**What is needed:**
Among the entries below, the lines from the one with "写真：バルトーク熱演中" up to and including the one with "Puchary wręczane na" are to be restated exactly, without pictures.

**Data:**
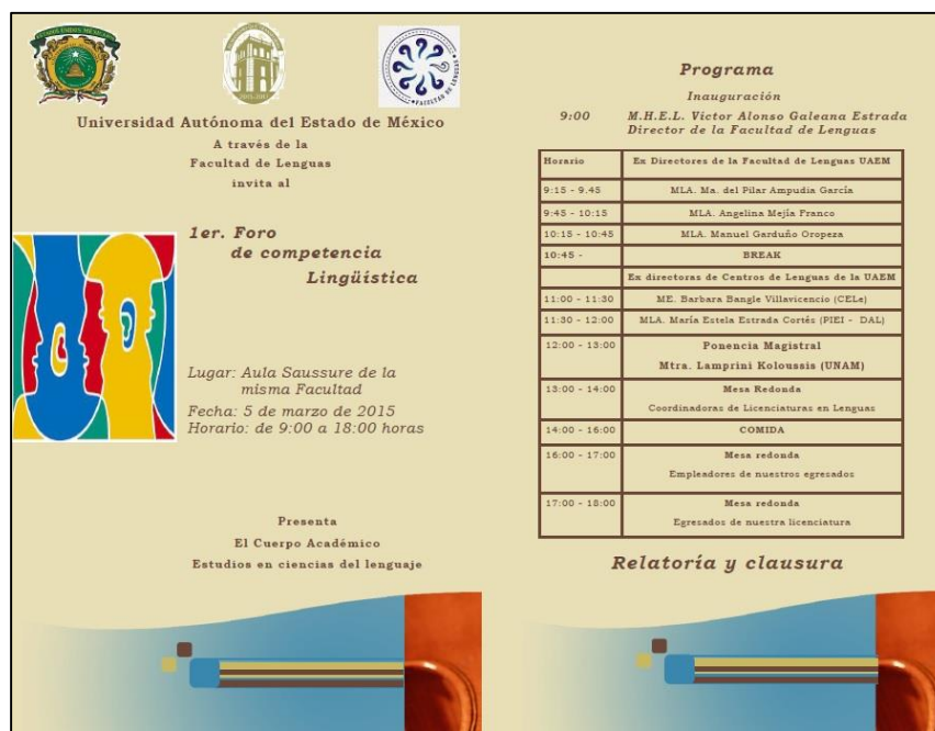
Figura 1. Cartel del 1er Foro de competencia Lingüística

El Segundo Foro de Competencia Lingüística se suspendió en el 2016 ya que el CA Estudios en Ciencias del Lenguaje, en conjunto con el CA Estudios en Lingüística y Docencia, organizó en dicho año el Primer Foro Nacional de Investigación y Estudios Avanzados de la Facultad de Lenguas. Para 2017, el CA Estudios en Ciencias del Lenguaje realizó una reingeniería en su estructura por lo que para ese año tampoco se organizó el Foro del CA.
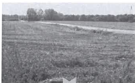
Une vue de la route de Monthéty

Une partie du site devra être maintenue en zone agricole , même en dehors du couloir des lignes Haute-Tension. Une agriculture raisonnée (voire biologique) et intégrée dans des circuits courts (AMAP...) permettra d'intégrer cet usage au fonctionnement global de la commune et d'impliquer les habitants. Il pourrait être planté des vignes ou des vergers.
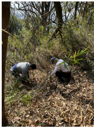
太いネザサに苦闘中
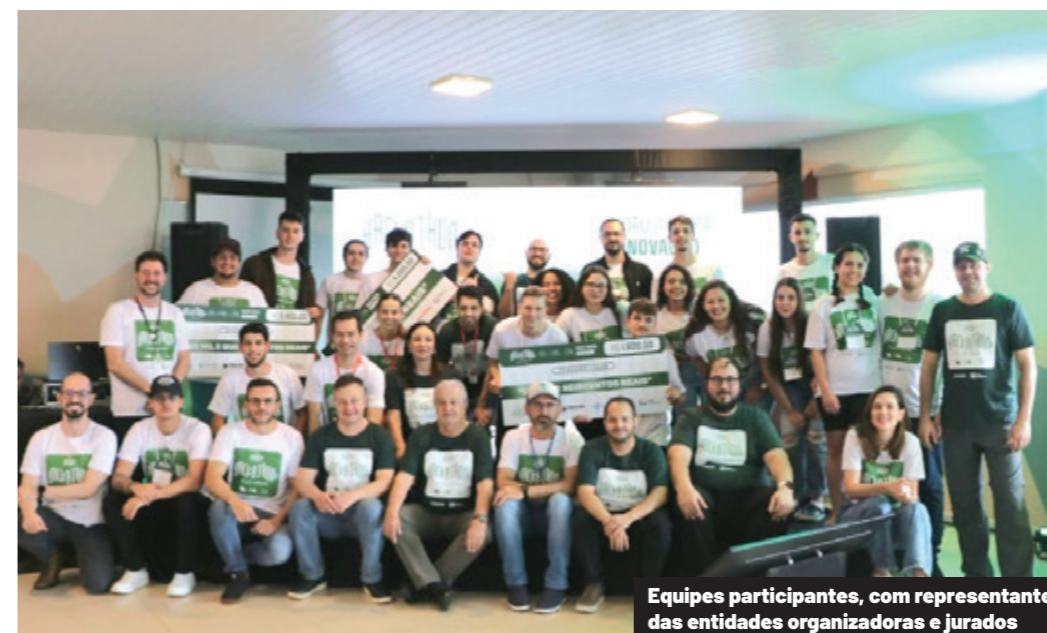
Equipes participantes, com representantes das entidades organizadoras e jurados

O futuro da fruticultura no Oeste do Paraná ganhou novos contornos recentemente com a realização do Hackathon Fruit Cultura, promovido pelo Espaço Impulso/Coopavel em parceria com Itaipu Parquetec, Crea-Paraná, Sebrae, IDR-Paraná, AcicLabs, Unioeste, Fundetec, Iguassu Valley e Biolabore. A equipe vencedora, Root & Fruit, apresentou a solução TraceFarm e conquistou o primeiro lugar em uma maratona que reuniu 19 participantes, divididos em sete times, em 30 horas de trabalho.
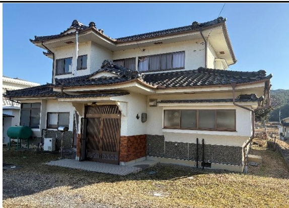
外観 北側から撮影
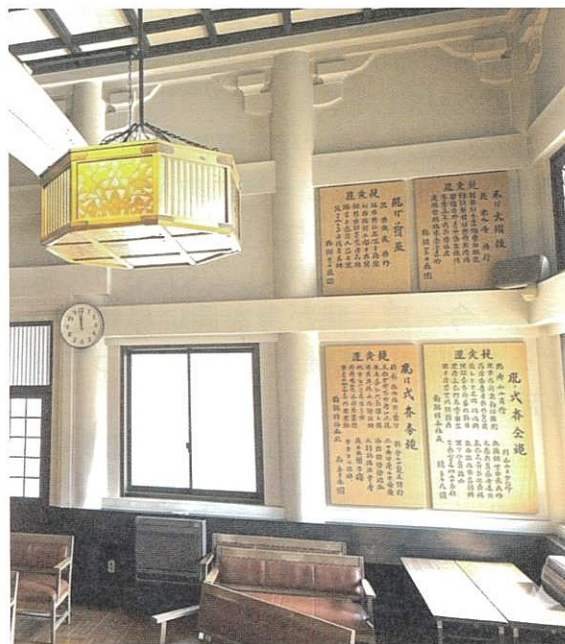
本堂芳名板イメージ
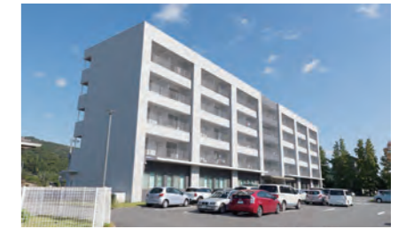
レジデントハウス「南風」

平成27年4月から稼働している第二病棟は、免震構造となっており、また、ヘリポート、避難スロープを設置しており、安心して療養・治療を受けられます。
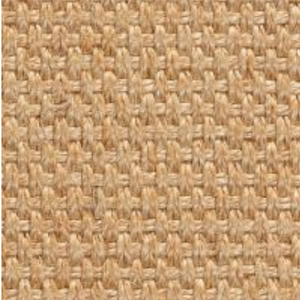
Quito - chablis | 007
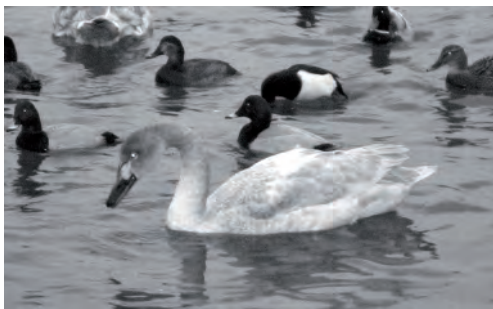
Рис. 2. Молодой малый лебедь.

Малый лебедь – Cygnus bewickii Yarr. В Крыму этот вид стал появляться осенью и зимой в конце XX – начале XXI в. (Белик и др., 2012), на юге (Ялта) впервые зарегистрирован в январе 1999 г. (Мосалов и др., 2002). В Севастополе малый лебедь дважды отмечен в б. Круглая: 28.01.1995 г. (ad) и 01-03.01.2009 г. (sad; рис. 2). Оба раза птицы держались рядом с группами лебедей-шипунцов ( Cygnus olor ), но в отличие от них, не подплывали к берегу ближе чем на 4-5 м.
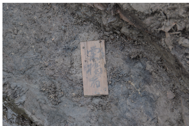
8 第 539 号土壙遺物出土状況 (6)
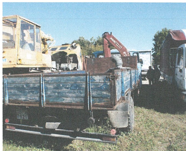
...deszkázat előregedett, repedett
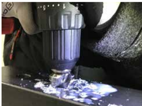
Zobrazení 5: Vrtací zkouška. Aku vrtačka Black Edition vyvrtala otvor o průměru až 26mm. Tržní konkurent vyvrtal průměr až 20 mm.

Během testovací série se ukázala výhoda dodatečné ochrany proti přehřátí pro aku vrtačku GRANIT BLACK EDITION. Tento integrovaný bezpečnostní prvek chrání vestavěnou elektroniku a mechaniku před přehřátím.
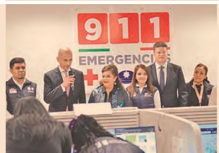
Se hizo un llamado a los habitantes de la gran ciudad, en el sentido de no hacer llamadas de broma a los números de emergencia.

Las llamadas al 911 contemplan a dependencias como la Secretaría de Seguridad Ciudadana, Bomberos, Protección Civil, el ERUM y las denuncias por extorsión, violencia de género, violencia contra animales de compañía.
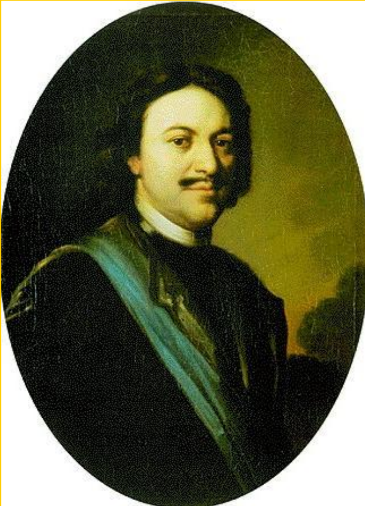
К.де Моор. Петр I.

В к.ХVII-н.ХVIII вв.во главе русского государства стоял самый выдающийся представитель династии Романовых Петр I.
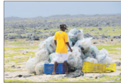
Op centrale plekken waar het opgehaald kon worden, werd het vuil bij elkaar verzameld.
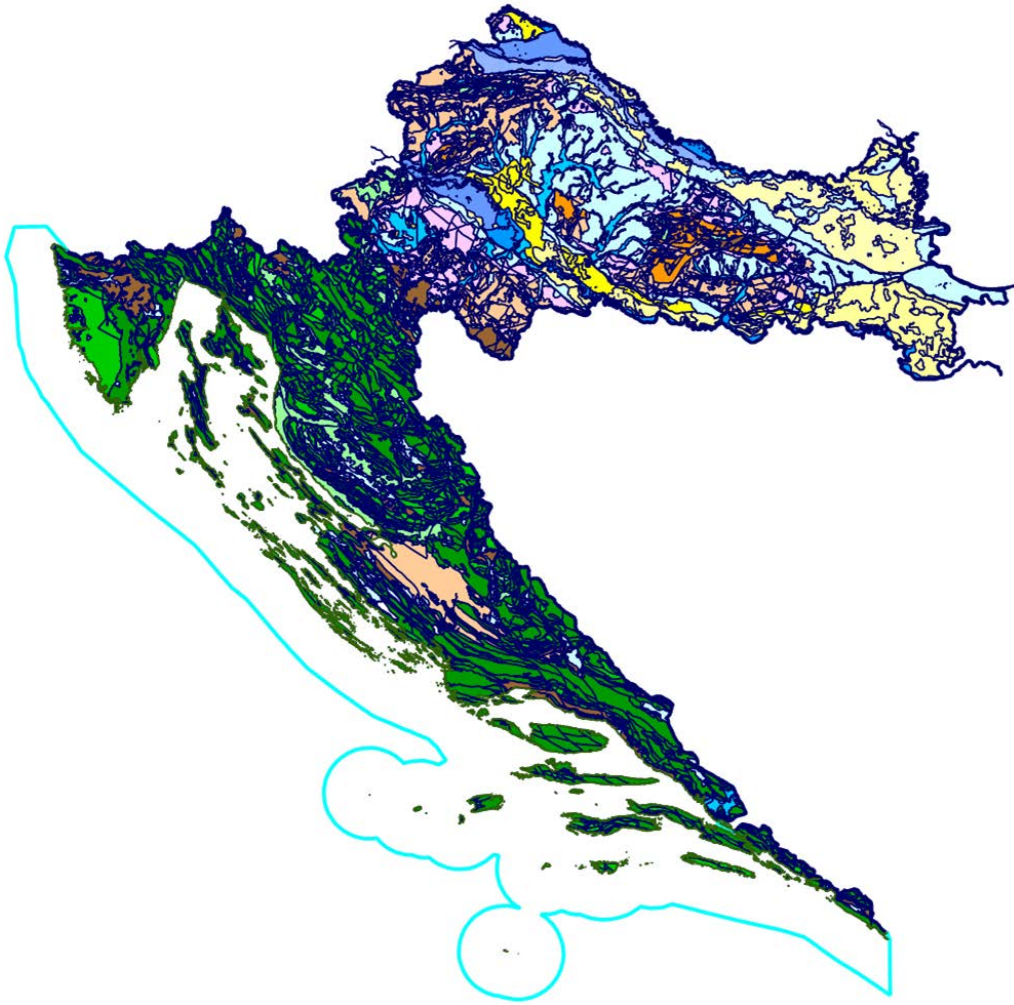
Slika 2. Hidrogeološka karta Republike Hrvatske M 1 : 300.000 [2]
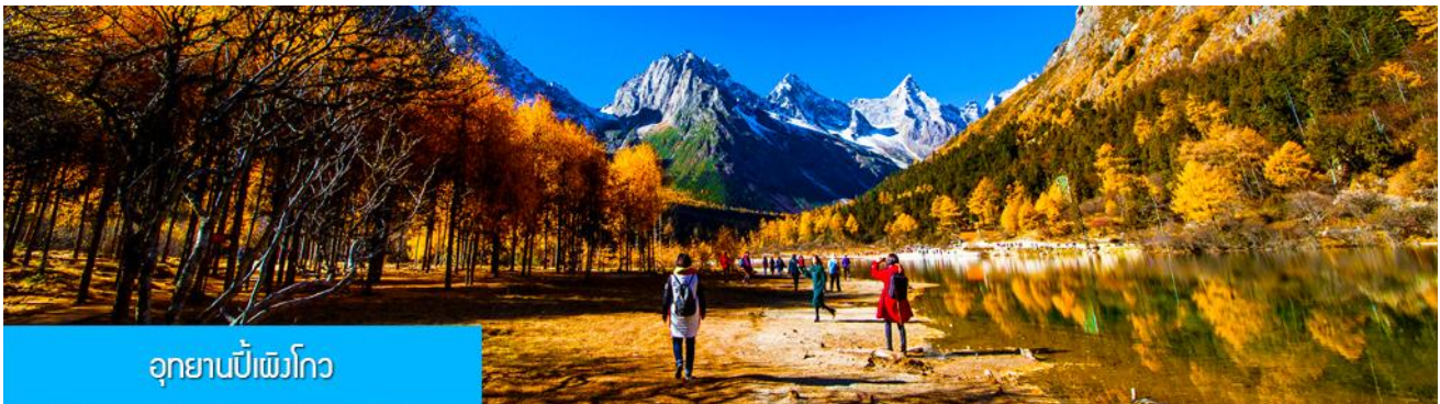
อุทยานปี้เฉิงโกว
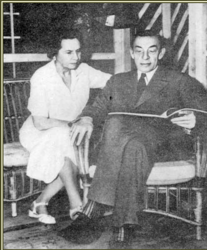
Наталья Александровна и Сергей Васильевич Рахманиновы на даче в Бeverли-Хиллс (1942)
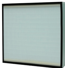
溶菌酵素固定化 HEPAフィルタ

JIS L 1922 抗ウイルス性試験でA型インフルエンザウイルスにてウイルスの不活化を確認した酵素を使用。
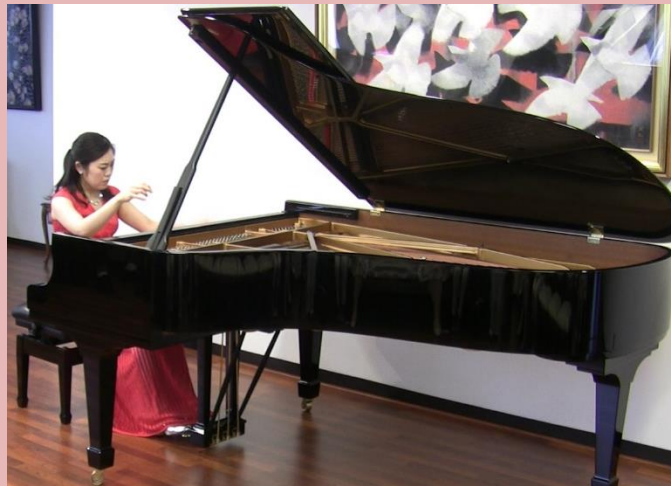
写真：バルトーク熱演中
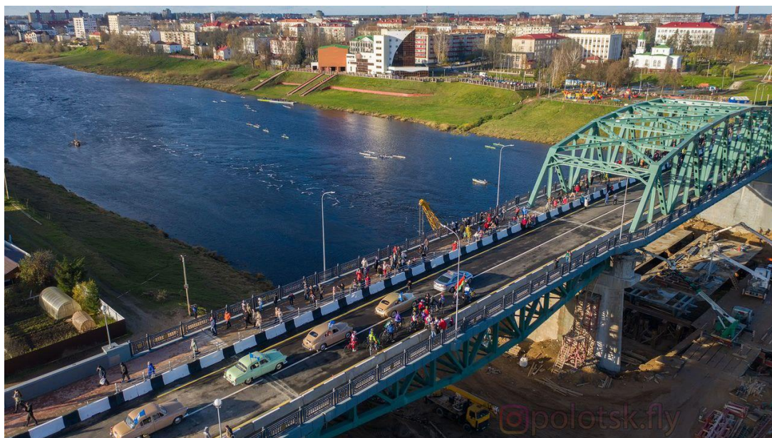
Рисунок 2 – Покровский мост в Полоцке после реконструкции

– 4,5 м. На одном из выездов с моста организовано кольцевое движение. На подходах к мосту установлены ограждения, новое освещение и декоративная подсветка (Рис. 2).
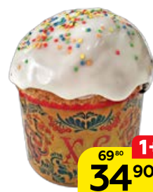
Кулич ВОСКРЕСНЫЙ (БКК), 100 г
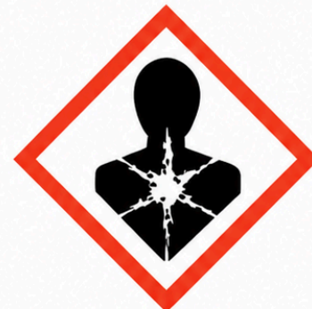
GHS08 - Perillós per a la salut, mutagèn, carcinogen, tòxic per a la reproducció
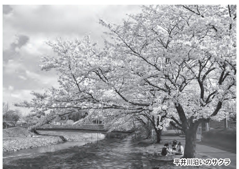
平井川沿いのサクラ
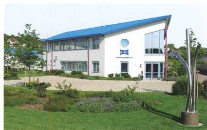
Mutterhaus der Vetter Plumett AG.

Ecofort GmbH, Birkenweg 11, 2560 Nidau Tel. 032 322 31 11, www.ecofort.ch
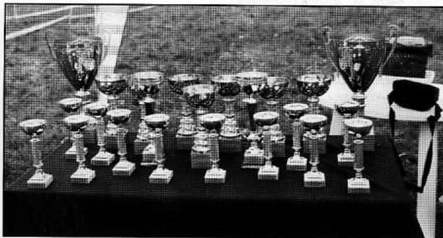
Puchary wręczane na ringu owczarków niemieckich. Nagrodzono pierwsze dwa psy w każdej klasie, a także Zwycięzców Wystawy.

Wyniki podano na podstawie materiałów otrzymanych z Oddziału w Krakowie.
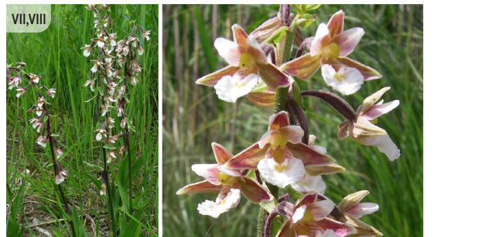
Epipactis palustris PURVA DZEGUZENE
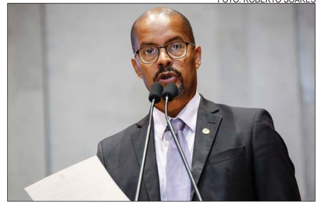
“Há fortes suspeitas de irregularidades”
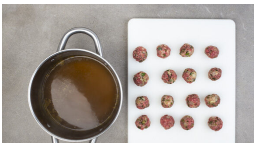
4. Klopse zubereiten

Die Zwiebel schälen, halbieren und in feine Würfel schneiden. 2EL Butter in einer großen Pfanne bei mittlerer Hitze schmelzen, dann die Zwiebeln 1-2Min. glasig dünsten. Die Pfanne beiseitestellen und die Zwiebeln abkühlen lassen.
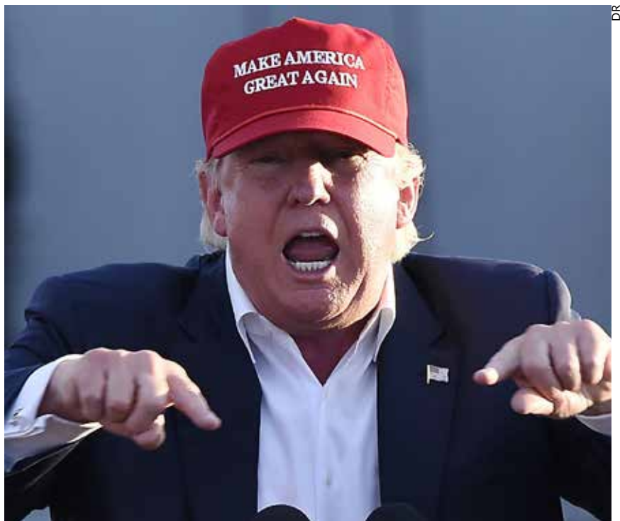
Donald Trump et son slogan de campagne : « Rendre sa grandeur à l'Amérique »

confédération syndicale AFL-CIO de la soutenir.
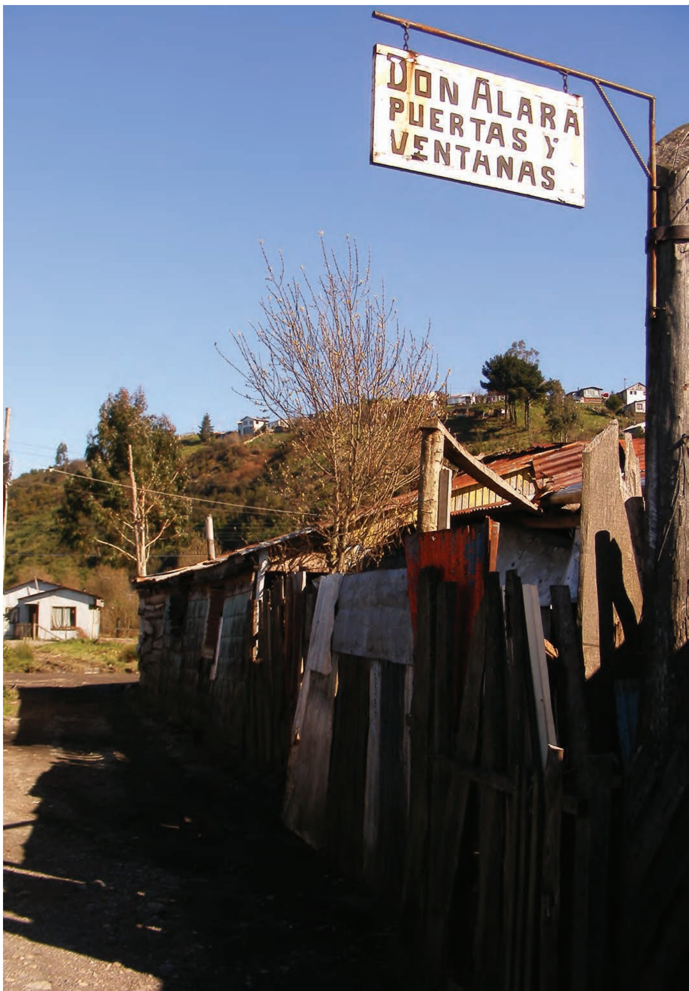
Figura 0 Campamento de Pudeto Bajo .
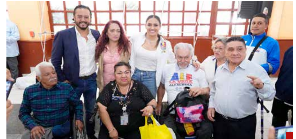
“No me dejen sola”, pide a vecinos.
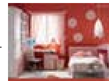
+ room = ...

Now your turn. How many such words can you find? Bring your results to classrooms 304 or 305. The winners will be published in the next issue.
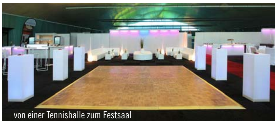
von einer Tennishalle zum Festsaal

In Absprache mit dem Brautpaar entwickelte die Projekt- und Visualisierungsabteilung der Party Rent Group ein komplett individuelles Ausstattungskonzept. Für das Brautpaar wird die Feier in bester Erinnerung bleiben: „Wir haben ein ganz tolles Fest gefeiert und möchten uns herzlich bei Party Rent für den engagierten Einsatz des Auf- und Abbauteams sowie für die Ausstattungsplanung unserer Hochzeitsfeier bedanken.“
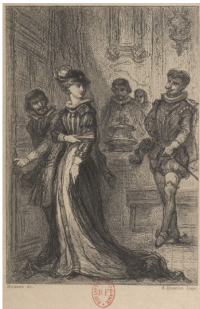
Figure 5. Gravure de Masson, M me de Lafayette, La Princesse de Clèves , Paris, Quantin, 1878.
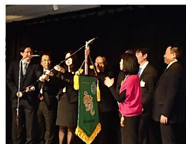
次年度開催の福岡へ大会旗が引き継がれました。早くも開催地(柳川)や日程の紹介がありました。
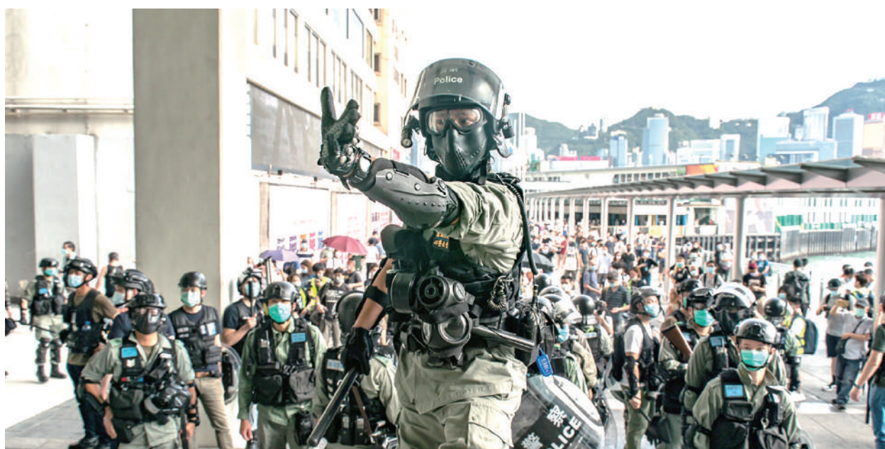
5月10日母親節，港警在旺角大舉拘捕市民。

交界，多名沒有委任證的便衣警察將市民制服在地。10時許，西洋菜南街有雜物起火，大批防暴警察多次向記者及在場人士施放胡椒噴劑，有記者跌倒，情況十分混亂。

**Reply to the exercise:**
写真：バルトーク熱演中
Рисунок 2 – Покровский мост в Полоцке после реконструкции

– 4,5 м. На одном из выездов с моста организовано кольцевое движение. На подходах к мосту установлены ограждения, новое освещение и декоративная подсветка (Рис. 2).
Кулич ВОСКРЕСНЫЙ (БКК), 100 г
GHS08 - Perillós per a la salut, mutagèn, carcinogen, tòxic per a la reproducció
平井川沿いのサクラ
Mutterhaus der Vetter Plumett AG.

Ecofort GmbH, Birkenweg 11, 2560 Nidau Tel. 032 322 31 11, www.ecofort.ch
Puchary wręczane na ringu owczarków niemieckich. Nagrodzono pierwsze dwa psy w każdej klasie, a także Zwycięzców Wystawy.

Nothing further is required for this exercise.